Todas as vezes que tentamos neutralizar o ego, devemos tentar manter a mente ingênua como a mente de uma criança. Não é bom começar o exercício pensando, 'já sei a resposta' ou 'que tédio!', pois assim não poderemos ter o impacto emocional do inacreditável fato de que de repente nosso ego desapareceu, fugiu envergonhado.

Anular o ego é um processo difícil e demorado. Mas é absolutamente necessário e benéfico. Por isso, devemos persistir com alegria. Nossa porcentagem de vitória crescerá passo a passo."



Finda a exposição do Lama Ganchen, completo esta explanação com a esposição do problema segundo o Revmo.

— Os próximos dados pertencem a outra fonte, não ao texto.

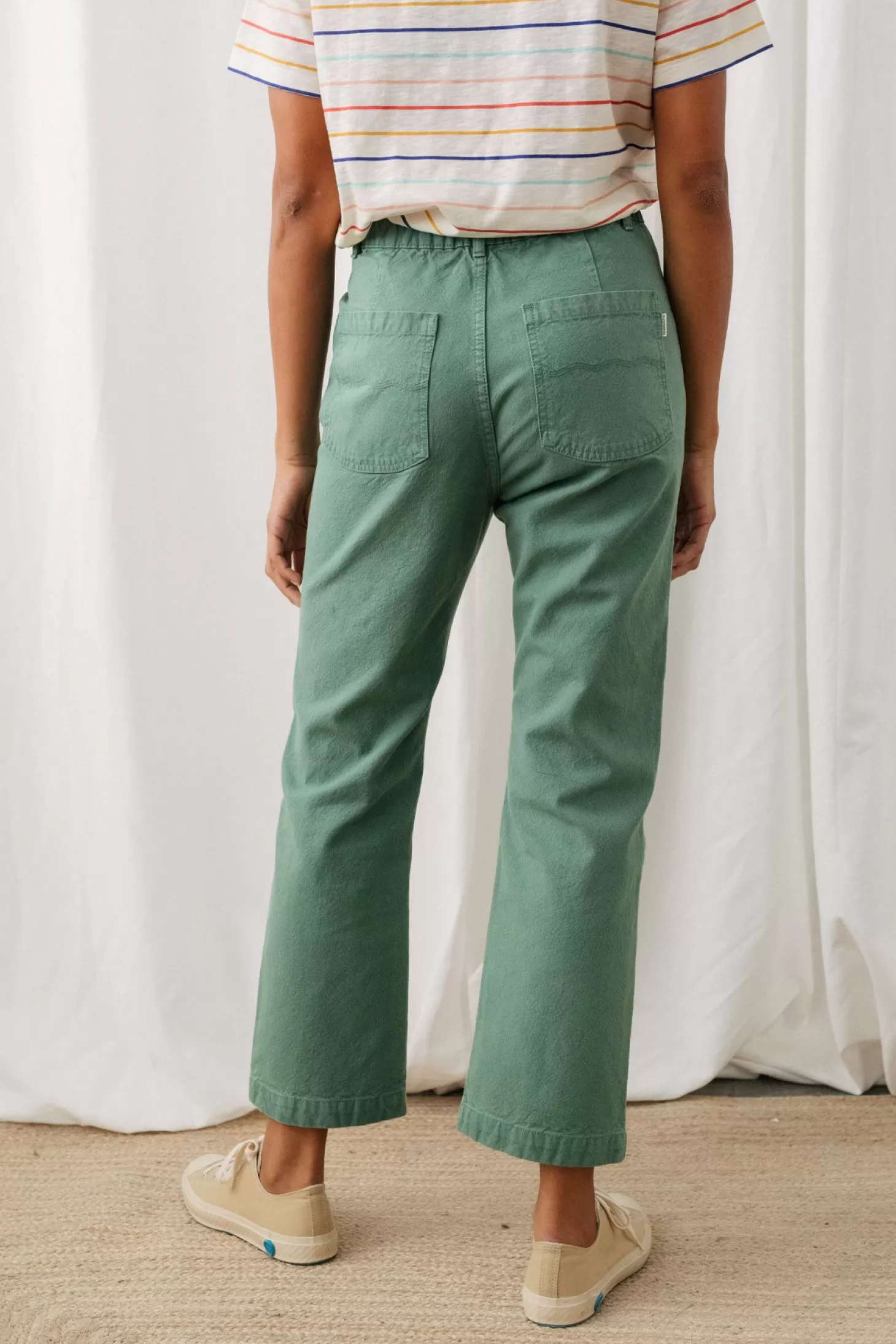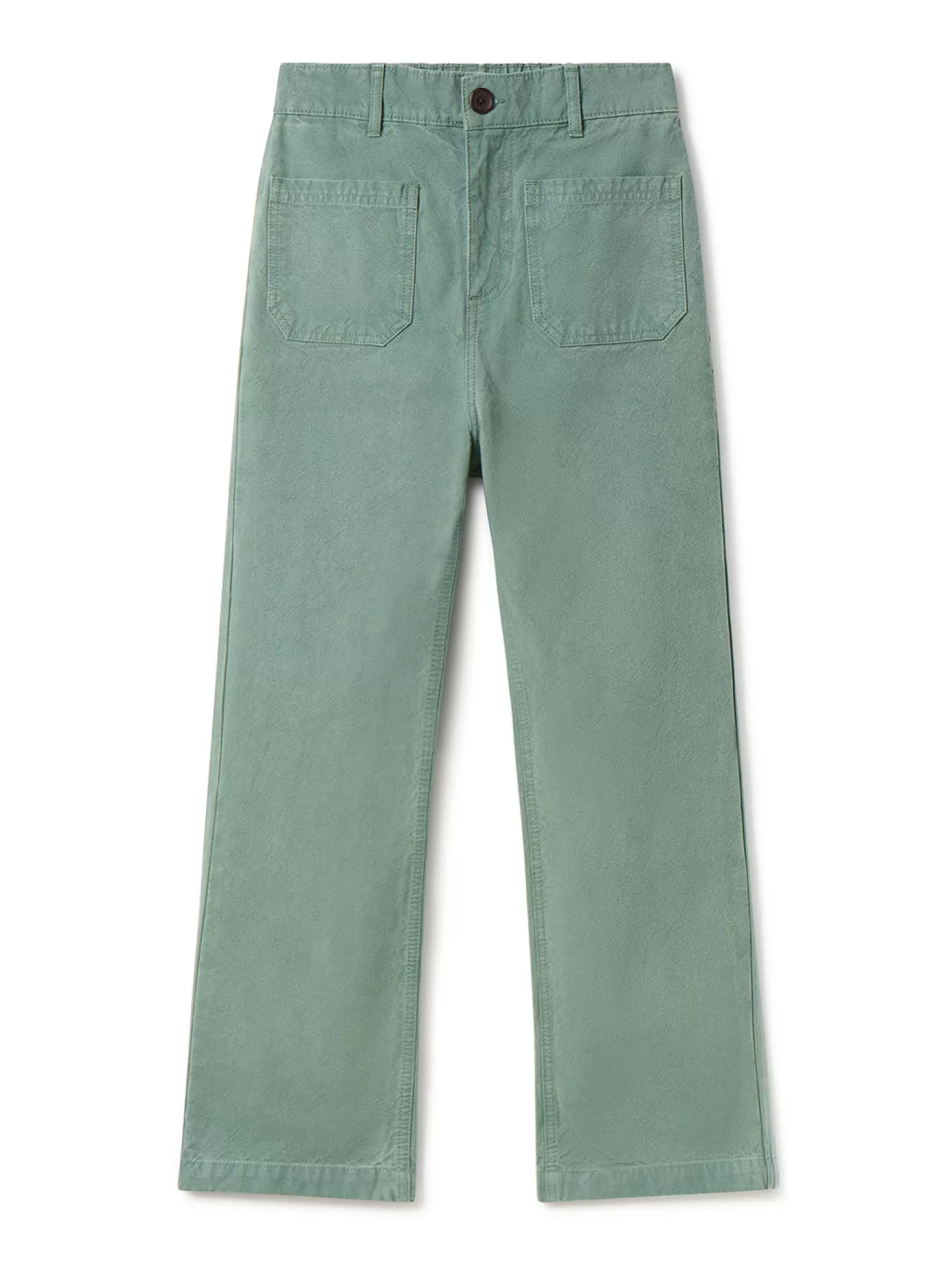 Die Yunosti-Hose ist aus dem umweltfreundlichsten Stoff hergestellt und verfügt über vier aufgesetzte Taschen, die beiden hinteren sind mit einer wunderschönen Wellenstickerei versehen. Elastischer Bund am Rücken.

Imai, meu antigo mestre budista do Templo Higashi Honganji:


Templo Higashi Honganji


"Tendo exposto nosso ego usando a luz da sabedoria, tudo que nos resta é um vasto espaço ou vacuidade que nos torna livres para retornar à 'Casa do Pai':

'Se alguém quiser me seguir, NEGUE-SE A SI MESMO, tome sua cruz e me siga.'

Esse negar-se a si mesmo não significa negar ao seu eu real, isto é óbvio, pois isso só poderia ser feito através do suicídio! Como eu poderia recusar ou renegar a mim mesmo, se eu só posso ser eu mesmo? Claro que a afirmativa se refere à negação do eu lusório, o eu EGO-ÍSTA, que só pensa em si mesmo, em satisfazer seus desejos, realizar seus sonhos, atingir sucesso em tudo que faz... Aquele que vive construindo e reconstruindo castelinhos de areia, sempre renovados, - ele não para nunca.

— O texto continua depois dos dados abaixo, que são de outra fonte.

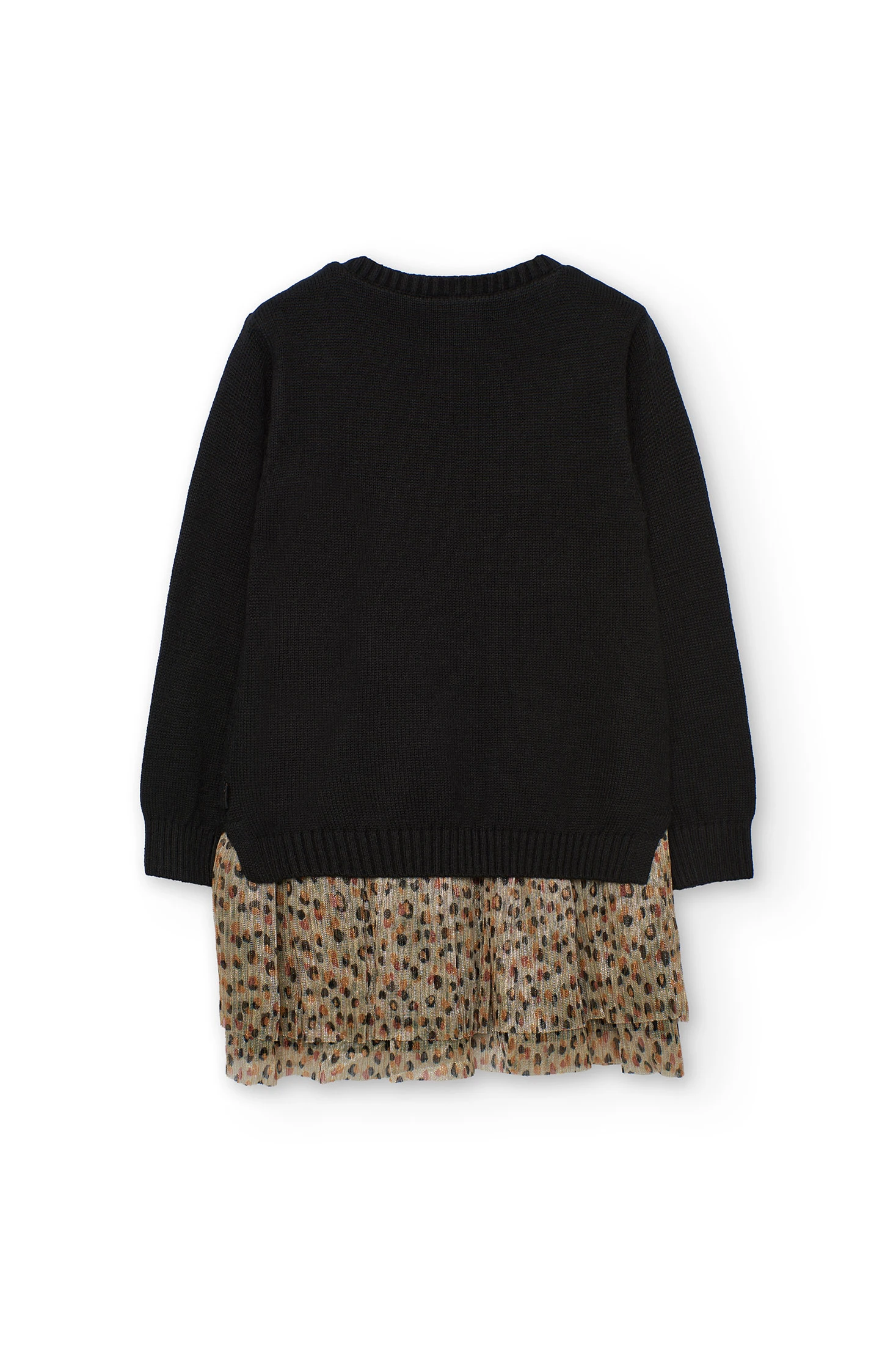 Vestido preto com estampa de leopardo, ideal para meninas durante as temporadas de outono e inverno, garante calor e estilo. Confeccionado num tecido suave, apresenta um elegante design floral em tons castanhos e bege na parte inferior, conferindo um toque distinto. Gola redonda e mangas compridas tornam-no perfeito para os dias frios, disponível em tamanhos dos 2 aos 14 anos. Combine-o com collants simples para conseguir um look versátil e confortável em qualquer ocasião.

As pessoas comuns, em geral, necessitam de muito espaço individual e sempre se sentem desconfortáveis tanto em espaços pequenos quanto em multidões. O antídoto para essa sensação é familiarizar a mente com o vasto espaço interior do não-ego, não-eu, não-meu... A autocura não é desenvolver o ego, mas dissolvê-lo! Assim, sempre nos sentiremos muito confortáveis e relaxados, mesmo se estivermos rodeados por trinta pessoas gritando todas ao mesmo tempo. Claro que falar é muito mais fácil do que fazer...

O fato é que algumas pessoas sentem medo quando entram em contato com esse imenso espaço interior, sentindo que fizeram desaparecer a si mesmas. Mas não há motivo para se preocupar: apenas fizemos desaparecer temporariamente nossa alucinação ou fantasia do ego. Quando chegar o momento de você entrar em contato com o espaço interior, não se preocupe, seu corpo e mente, seu verdadeiro eu, surgidos interdependentemente, ainda estarão aqui."



Espero que a visão budista (que representa magistralmente a visão da tradição oriental como um todo) a respeito do termo ego tenha ficado clara. Se não ficou, clicando aqui com certeza você será capaz de dirimir todas as suas dúvidas a respeito do assunto. Me comprometo a responder a todas as dúvidas de leitores que surgirem, nos comentários deste post. Próxima postagem: ‘O Ego segundo Jung’.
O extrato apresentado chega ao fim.